Resolve Terraform Atlantis hiccups fast: step-by-step fixes for plan/apply failures, repo config, credentials, webhooks, drift detection and more.

Introduction: The Atlantis Advantage and Its Challenges

Terraform Atlantis has become a popular choice for teams looking to implement GitOps for their infrastructure. By bringing terraform plan and apply directly into pull request workflows, it fosters collaboration and standardizes IaC management. However, this power comes with operational complexity. Effectively managing the interactions between Atlantis, your Version Control System (VCS), Terraform versions, provider credentials, and cloud environments is crucial. When issues arise, they can be time-consuming to diagnose and resolve, impacting team productivity. While Atlantis offers a great degree of control, the setup and maintenance overhead for these common issues can lead teams to explore platforms like Scalr, which often provide more integrated solutions to these very challenges, abstracting away some of the underlying friction.

This post aims to equip you with the knowledge to tackle some of the most frequent problems encountered with Atlantis.

Problem 1: Credential Misconfigurations

Credential misconfigurations are a frequent source of trouble. Symptoms often include errors like AccessDenied, UnauthorizedOperation, or NoCredentialProviders from AWS during plans or applies. Azure users might see AuthenticationFailed or InvalidSubscriptionId, while GCP interactions can fail with PermissionDenied or service account key errors. When Atlantis interacts with the VCS, fatal: could not read Username... terminal prompts disabled or HTTP 401/403 errors signal authentication problems.

The common causes for these issues are varied: incorrect IAM roles or permissions for the Atlantis server or Terraform execution; missing, incorrect, or unexported environment variables (e.g., AWS_ACCESS_KEY_ID, ARM_CLIENT_ID); malformed or inaccessible credential files; or expired, revoked, or insufficiently scoped VCS tokens or GitHub App permissions. Misconfigured assume_role policies or instance profiles in AWS are also frequent culprits.

Diagnosing these problems starts with examining Atlantis server logs, ideally with debug logging enabled (--log-level=debug), for detailed error messages. It's critical to verify the credentials within the Atlantis environment itself by shelling into the container/server and using provider-specific commands (e.g., aws sts get-caller-identity, az login, gcloud auth list) and checking relevant environment variables (e.g., env | grep AWS_). Reviewing IAM policies using cloud provider tools like the AWS IAM Policy Simulator and validating VCS token scopes in GitHub/GitLab settings are also key steps.

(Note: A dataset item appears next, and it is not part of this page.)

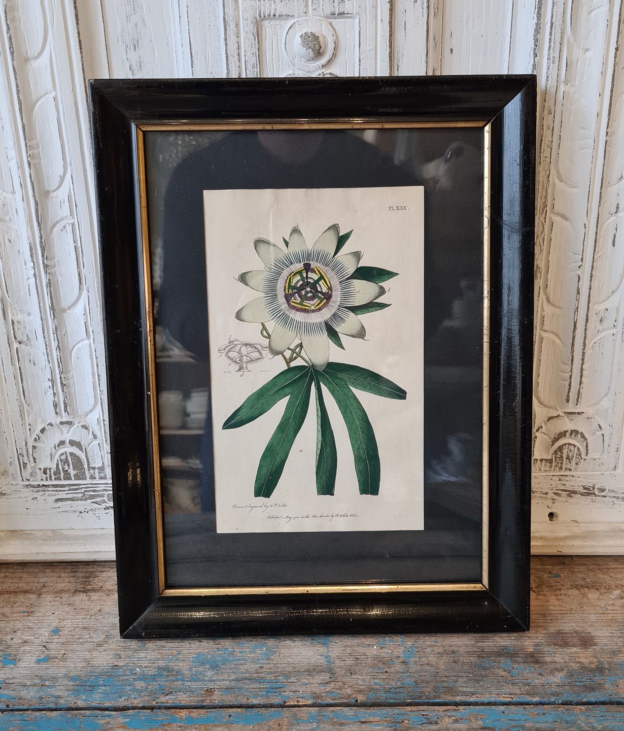 1800tals håndkoloreret botanisk tryk med passionsblomst i smuk gammel sort ramme med smal sølvkant.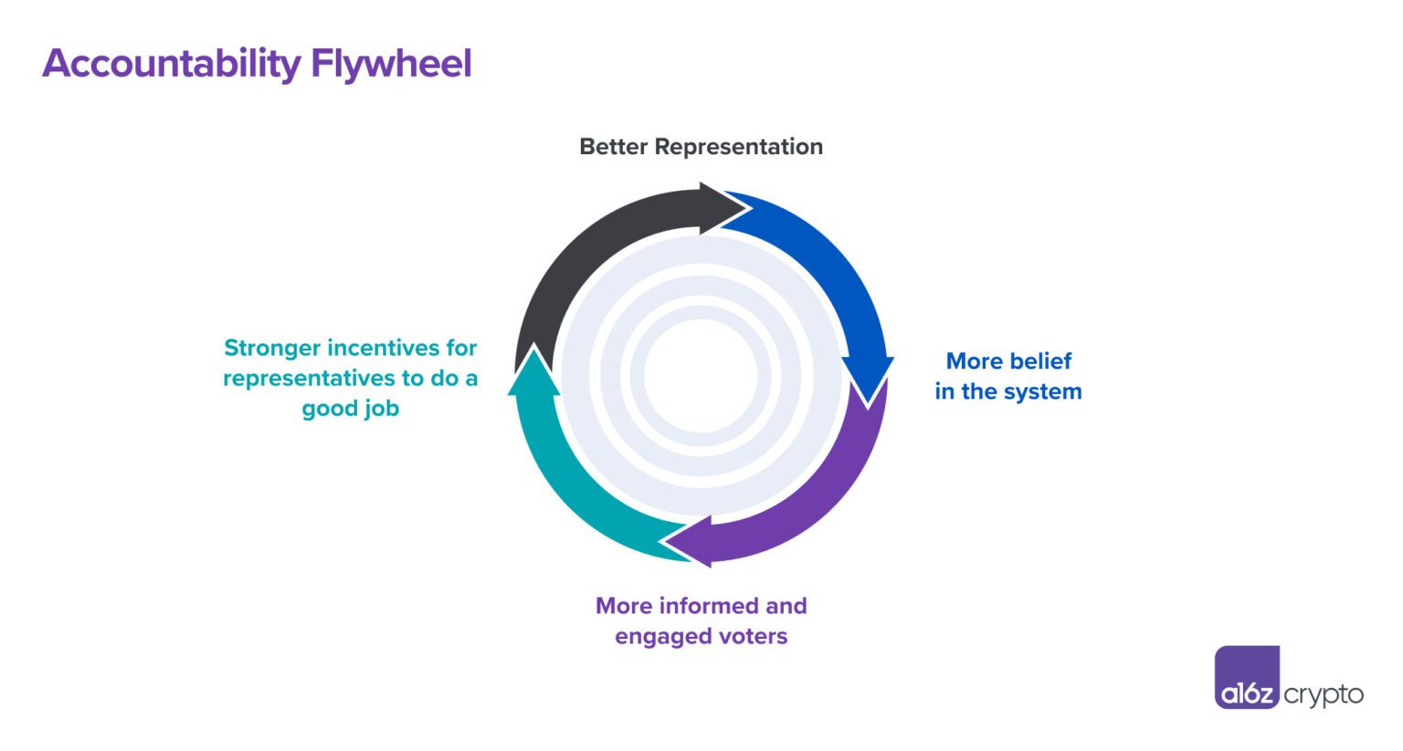 We call this the accountability flywheel. And web3 has a powerful tool to facilitate it—the token. Tokens can be used as a new vehicle for distributing economic, social, and political rights to stakeholders within an ecosystem. Much like how start-ups can incentivize employees with ownership, tokens can be used to incentivize contributors and users to continue building value on a network.

Resolution involves correcting the identified misconfigurations. This means rectifying IAM policies to grant least-privilege permissions and ensuring environment variables are correctly set and exported to be available to the Atlantis process. For instance, AWS credentials can be set in a Dockerfile or startup script:

# Example: Ensure AWS credentials are set in Atlantis environment
# Dockerfile or startup script
export AWS_ACCESS_KEY_ID="your_access_key"
export AWS_SECRET_ACCESS_KEY="your_secret_key"
export AWS_DEFAULT_REGION="your_region"

Preferring cloud-native IAM mechanisms like instance profiles or workload identity over static keys is a best practice. If VCS tokens/apps are faulty, regenerate them with the correct scopes. Lastly, securely manage all secrets using tools like HashiCorp Vault, AWS Secrets Manager, or Azure Key Vault.

Scalr Note: Platforms like Scalr often simplify credential management by providing centralized, environment-aware secret stores and IAM integrations, reducing the surface area for such misconfigurations.

Problem 2: Webhook Delivery Failures

Webhook delivery failures mean Atlantis isn't receiving notifications from your VCS. Symptoms are clear: Atlantis doesn't comment on PRs or respond to commands. Your VCS webhook delivery logs will show errors such as "Could not deliver webhook," "Invalid HTTP response: 403/400," or "Signature mismatch." Atlantis logs might show Ignoring unsupported event or errors related to secret validation.

These failures are commonly caused by an incorrect webhook URL or a mismatched HTTP/HTTPS protocol. A mismatched webhook secret between the VCS and Atlantis (e.g., ATLANTIS_GH_WEBHOOK_SECRET) is another frequent offender. Other causes include incorrect event subscriptions in the VCS (e.g., not listening for "Pull requests" or "Issue comments"), firewall or network issues blocking VCS IPs from reaching Atlantis, the Atlantis --repo-allowlist not including the repository, SSL/TLS misconfiguration on the Atlantis server, or a reverse proxy stripping necessary headers or malforming requests.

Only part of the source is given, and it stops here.